Even more laughable was the ever-reliable Frank Tufano who chose November to quit the carnivore diet in his signature understated manner. That his testimony was about as believable as his vegan girlfriend was immaterial. More pressing was the EPIC-Oxford study on vegan fractures and the inevitable disconnect between the headlines and the correct inferences to be drawn from the work. Concerned? Naw dawg – chillin’ like a villain. Frankly, I was about as worried as I was about Beverley Callard’s ersatz veganism on I’m a Celebrity which worried me about as much as Archer‘s fake conversion to Islam in Scum.
Oh and anaemic soy boy Lewis Hamilton won a record-equalling 7th Formula One world title. How he dragged his feeble emaciated body through this marathon once again is a mystery for the ages.

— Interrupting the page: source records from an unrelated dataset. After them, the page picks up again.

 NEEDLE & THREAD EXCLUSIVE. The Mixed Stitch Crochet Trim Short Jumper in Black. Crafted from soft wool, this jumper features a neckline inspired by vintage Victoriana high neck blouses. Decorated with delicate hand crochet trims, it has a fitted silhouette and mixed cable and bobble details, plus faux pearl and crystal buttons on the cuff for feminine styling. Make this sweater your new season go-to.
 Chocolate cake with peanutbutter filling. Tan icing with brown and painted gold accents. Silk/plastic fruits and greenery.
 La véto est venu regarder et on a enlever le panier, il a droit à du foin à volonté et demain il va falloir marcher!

And so came December and with it another thrilling co-sign for our movement. Israeli Prime Minister Benjamin Netanyahu described the lab-grown steak of Aleph Farms as “delicious” and “guilt-free”. It was an important endorsement as if anybody knows about being guilt-free it’s murdering racist psychopath Bibi. Still, props on the cell-based grub you guys!

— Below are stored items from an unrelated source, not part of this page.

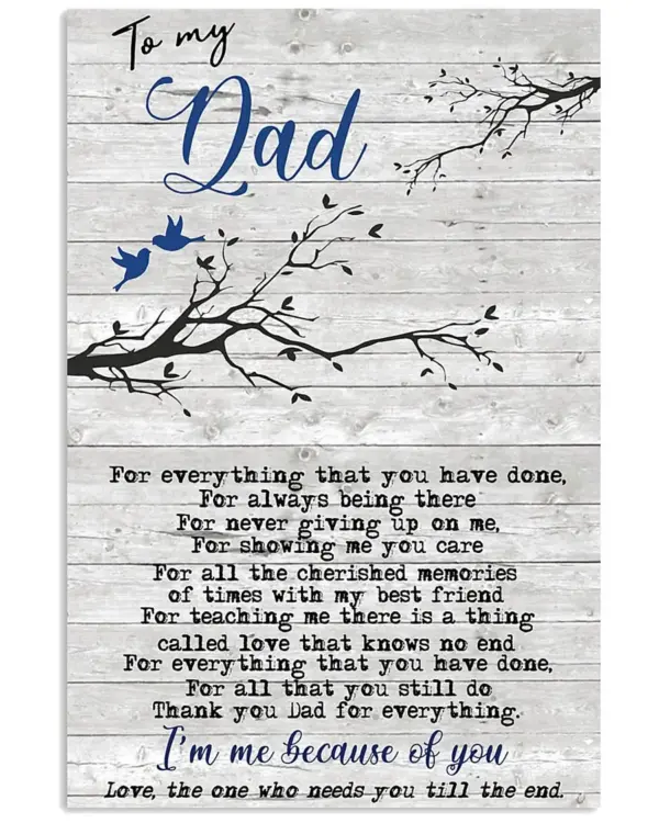 Gift To My Dad Love From Daughter Or Son Poster I M Me Because Of You Blue Birds Wood Background Room Home Decor Wall Art Gifts Idea Mostsuit
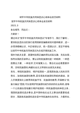 铸牢中华民族共同体意识心得体会发言材料筑牢中华民族共同体意识心得体会发言材料2021.3各位领导、同志们:大家好!通过本次“筑牢中华民族共同体意识”专项学习,我们了解到,要深刻反思自治区推行使用国家统编教材的问题和教训,进一步澄清模糊认识、纠正错误认识、统一思想认识,坚定不移地以筑牢中华民族共同体意识为主线开展民族工作。我作为机关支委,更要时刻用正确的理论武装头脑、充实自我,指导自我的言谈举止。要认识到民族团结是一种精神、一种思想整合力量、一种追求,它对凝聚人心、整合社会起着重要作用。没有民族团结,构建社会主义和谐社会就无从谈起。首先,增强民族团结、维护祖国统一,是我国各族人民的共同责任,加强...
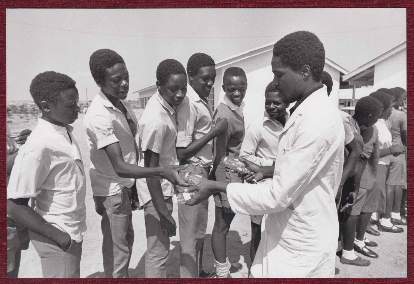 WHO Press Photo – People of Zimbabwean community giving their urine samples to a health worker

It was a busy time on the celebrity front, with Ellen Degeneres offering one more reason for the world to hate her by shitcanning veganism for no reason at all. Skunks gon’ skunk I guess. The altogether more palatable Venus Williams launched a vegan protein company with her tennis millions so God bless the less successful Williams sister for that. Anya Taylor-Joy capped off her mesmeric performance in The Queen’s Gambit by saying she feels healthiest when on a vegan diet. And while I have several questions about Robbie Williams returning to veganism after his mercury levels shot through the roof I will forego asking them for now, assuming, as I must, the best intentions.
2021 – whenever you want to make your entrance, we are ready for you. Expect fireworks.